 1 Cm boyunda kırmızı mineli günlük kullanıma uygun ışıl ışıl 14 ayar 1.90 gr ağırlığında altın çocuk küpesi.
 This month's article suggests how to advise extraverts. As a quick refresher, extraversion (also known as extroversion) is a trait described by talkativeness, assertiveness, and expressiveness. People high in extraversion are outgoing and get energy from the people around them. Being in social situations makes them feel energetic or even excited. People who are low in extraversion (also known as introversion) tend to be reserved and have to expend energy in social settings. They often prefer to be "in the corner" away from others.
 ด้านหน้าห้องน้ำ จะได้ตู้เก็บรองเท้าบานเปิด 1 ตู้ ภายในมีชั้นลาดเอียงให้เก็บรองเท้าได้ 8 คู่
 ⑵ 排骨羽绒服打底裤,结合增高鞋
--- --- ---
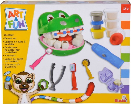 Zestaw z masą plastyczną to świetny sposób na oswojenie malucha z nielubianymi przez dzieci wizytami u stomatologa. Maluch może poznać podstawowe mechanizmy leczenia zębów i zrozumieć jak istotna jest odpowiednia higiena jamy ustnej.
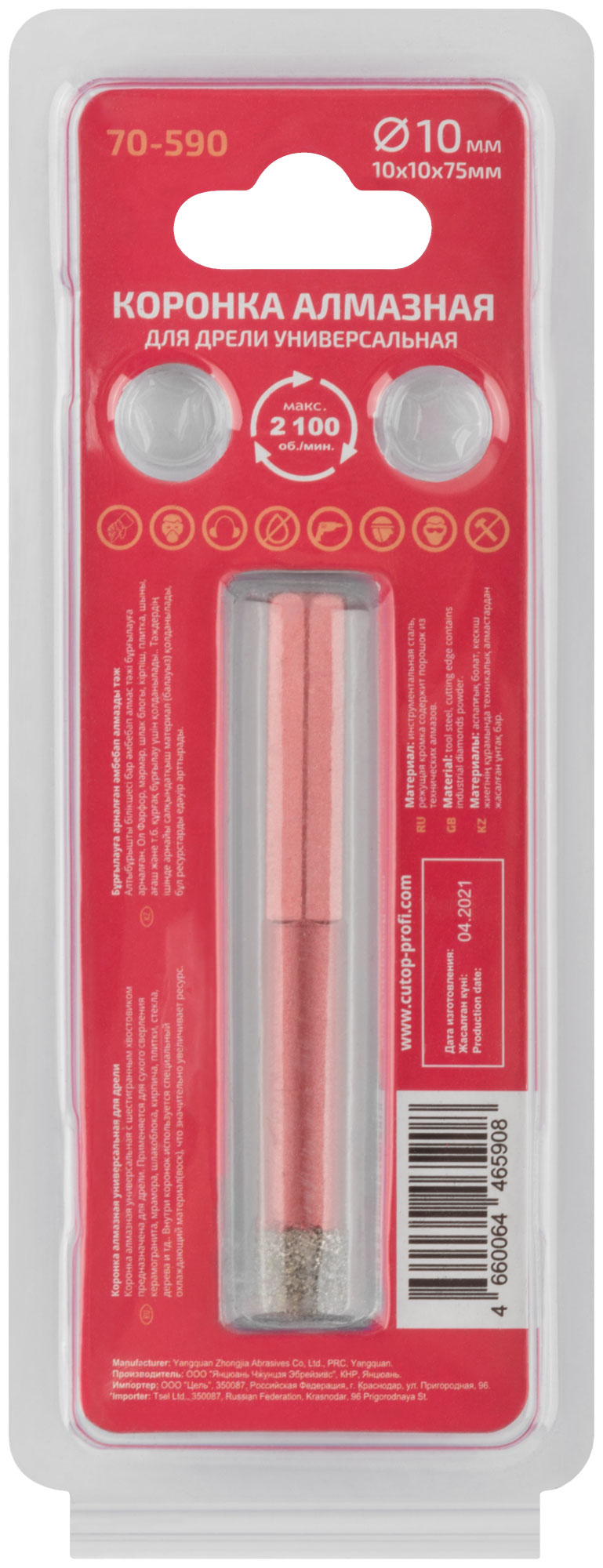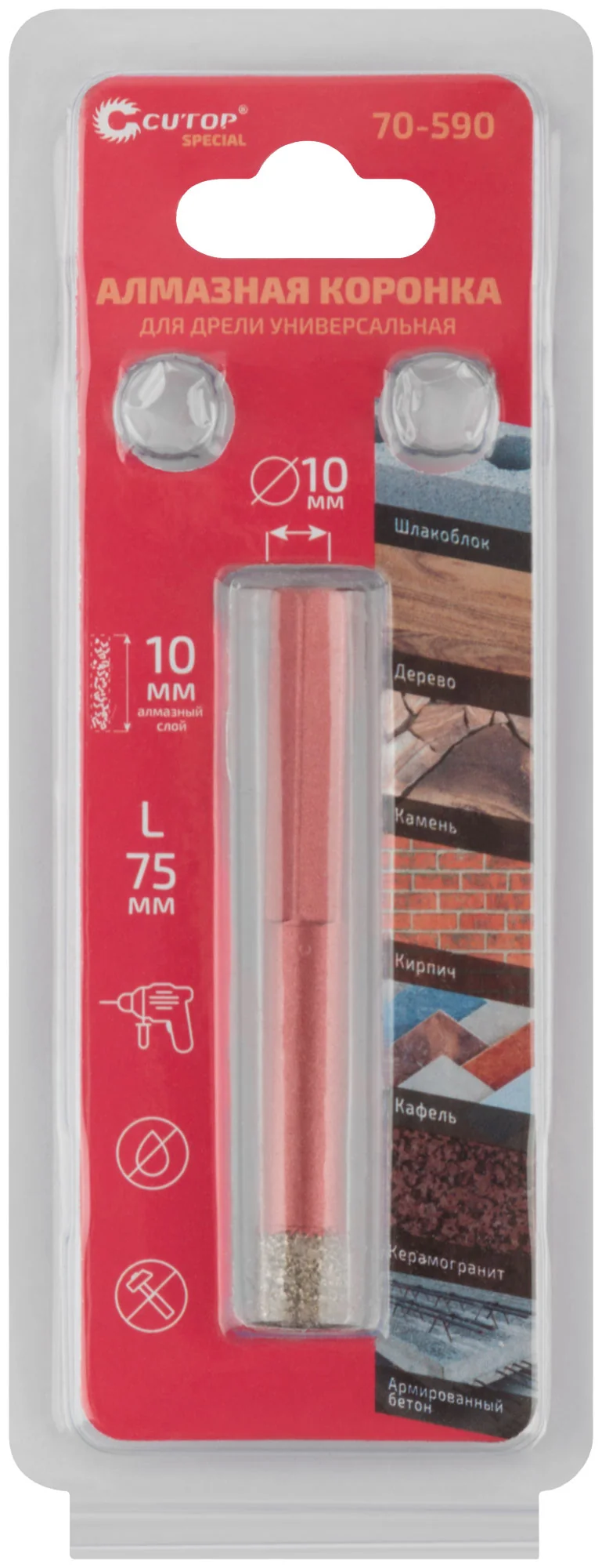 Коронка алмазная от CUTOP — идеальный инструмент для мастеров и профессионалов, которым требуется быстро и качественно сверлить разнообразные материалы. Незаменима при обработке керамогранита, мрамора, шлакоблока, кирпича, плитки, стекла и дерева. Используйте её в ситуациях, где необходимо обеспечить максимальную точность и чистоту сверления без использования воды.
--- --- ---
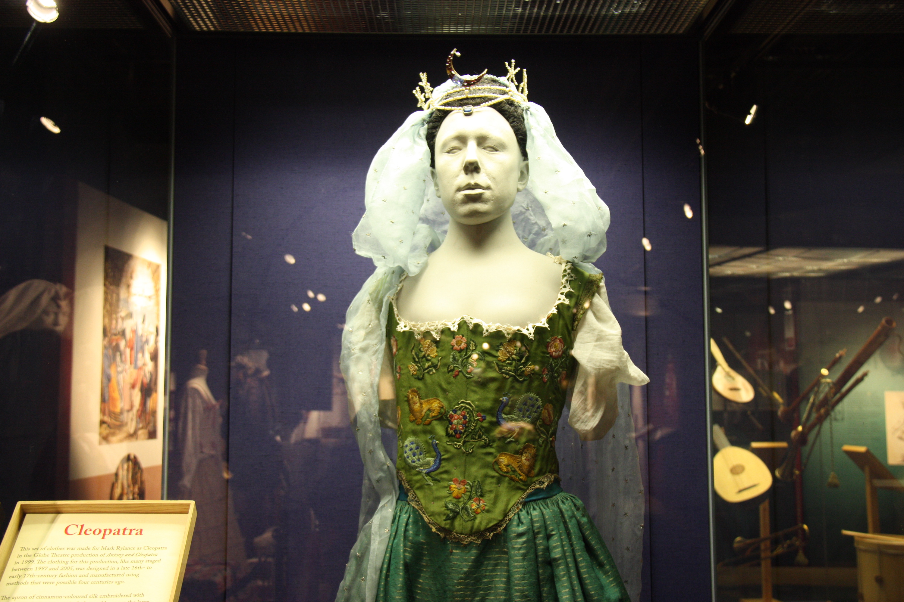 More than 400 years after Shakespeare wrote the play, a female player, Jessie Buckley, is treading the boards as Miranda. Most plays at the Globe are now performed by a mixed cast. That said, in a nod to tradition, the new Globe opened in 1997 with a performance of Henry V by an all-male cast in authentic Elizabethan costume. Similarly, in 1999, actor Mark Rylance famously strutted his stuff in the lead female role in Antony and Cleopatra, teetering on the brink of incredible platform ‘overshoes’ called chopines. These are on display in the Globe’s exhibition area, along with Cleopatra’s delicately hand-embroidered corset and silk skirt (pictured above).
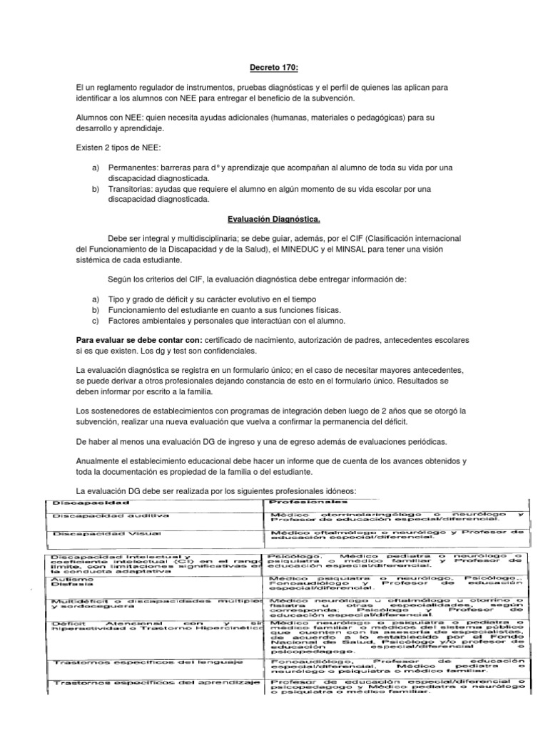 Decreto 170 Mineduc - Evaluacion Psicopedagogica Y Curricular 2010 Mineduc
--- --- ---
→ **Task requirements**: Starting with the line that holds "ด้านหน้าห้องน้ำ จะได้ตู้เก็บรองเท้าบานเปิด 1" and ending with the line that holds "⑵ 排骨羽绒服打底裤,结合增高鞋", retype every line in the data above exactly, and nothing else.

→ **Final answer**:
 ด้านหน้าห้องน้ำ จะได้ตู้เก็บรองเท้าบานเปิด 1 ตู้ ภายในมีชั้นลาดเอียงให้เก็บรองเท้าได้ 8 คู่
 ⑵ 排骨羽绒服打底裤,结合增高鞋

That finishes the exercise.